Wednesday, November 7, 2012

In the Quiet

The wind whistles around my house, giving it a "whirring" caress.  The family is all off in different directions.  Faithful dog lies beside me, always protecting, always being my companion.  Independent feline lies just above me, on the sofa back, to "be" with me, on her terms.  And I listen.  

All I hear is the sounds of whirling wind, and nothing more.  I know there is snow swirling, because I saw it with my own delighted eyes this afternoon.  But now, in the dark, and the quiet, I am just sitting in my noise-less cocoon.  And thinking.
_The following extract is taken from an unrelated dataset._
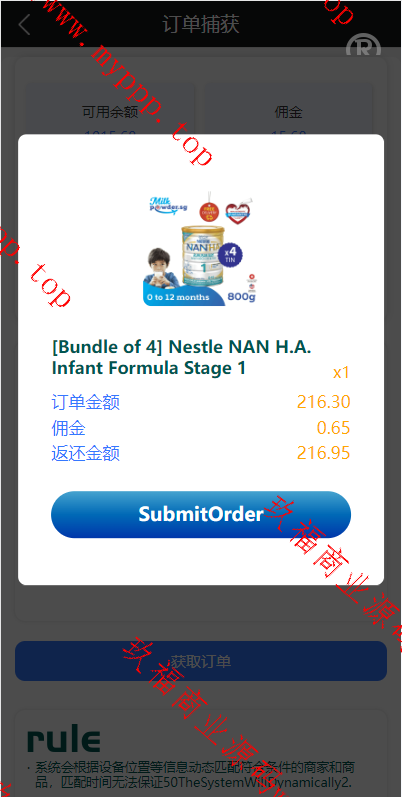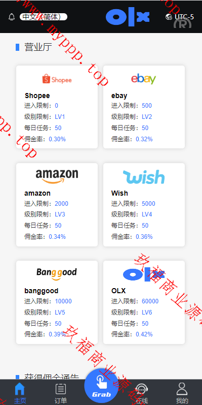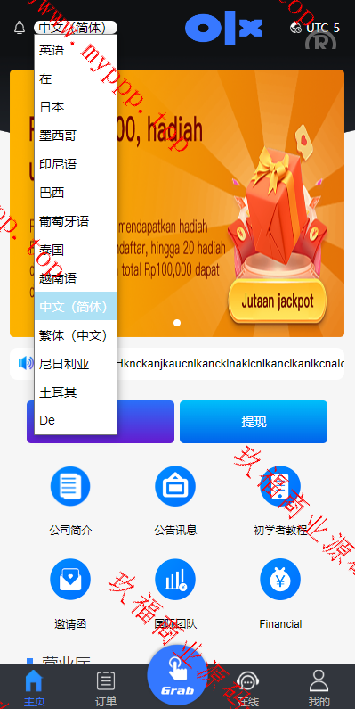 这是一款多国言支持的海外抢单刷单系统,前端多国言默认隐藏,用户可以自行开启。系统包括后台派单功能,前端可直接提交订单,同时提供代理后台,支持业务员推广管理。

Father, do I get too busy to listen for you sometimes?  Do I miss what you are trying to say to me because I have more sounds around than necessary?  I know that when I do that, sometimes, I become anxious over things that I have not been called to be anxious over.  But I do it any way.  Sitting here, listening to almost silence, I hear you calling.  I hear you telling me that you have it all under control and that I can rest in you.  Why do I let myself ever get away from that Lord?  Why do I choose my own answers and my own solutions, and all of the clamor that goes with that.
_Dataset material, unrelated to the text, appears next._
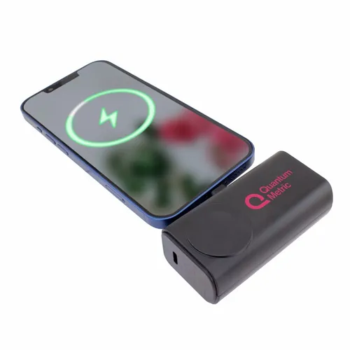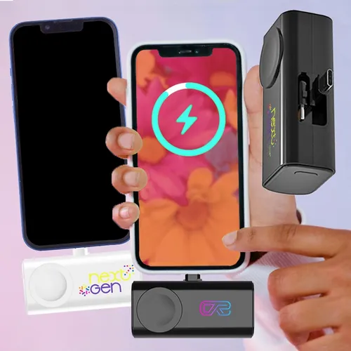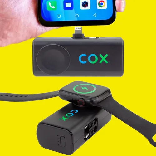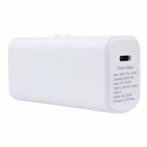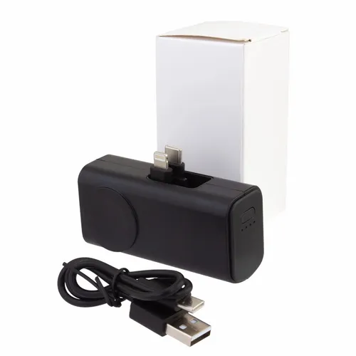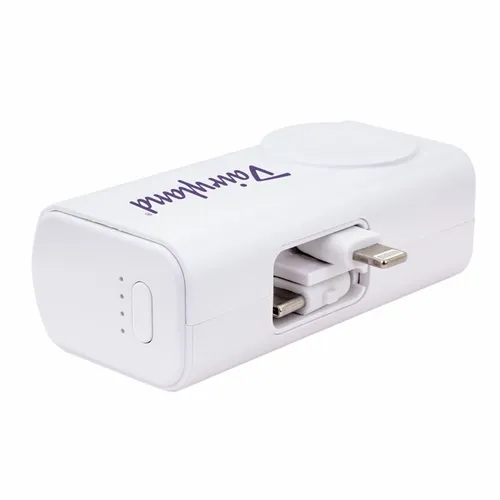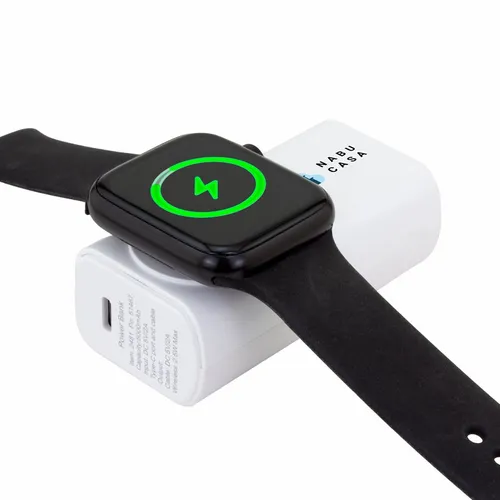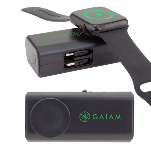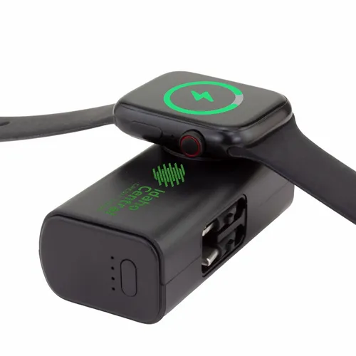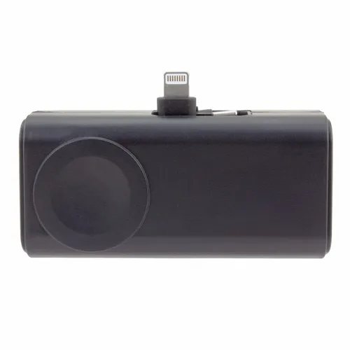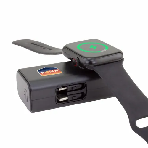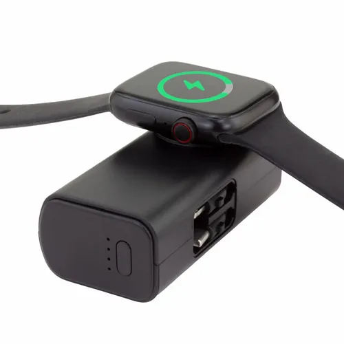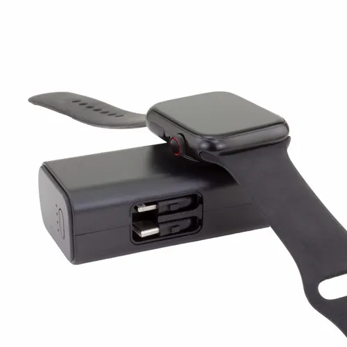 5,000 mAh battery capacity dual charging power bank with Lightning, Type-C plugs, and watch charger.

I fear it has to do with my lack of trust in your Lord.  I dread the thought that that is true, but as it tumbles around in my small mind, I see truth in it.  I say I trust in you.  I believe that I trust in you.  But then, when things are broken, I go around, in all of my own power and strength, spinning up whirlwinds of my own, trying to make it all right.

Father, teach me to trust you.  To look for the quiet, and to turn my attentions purely toward you.  Remind me to make the time to focus on you, and you alone.  In the quiet.  In my quiet.  In Your quiet.  Lord, bring me to the Quiet, and meet me there.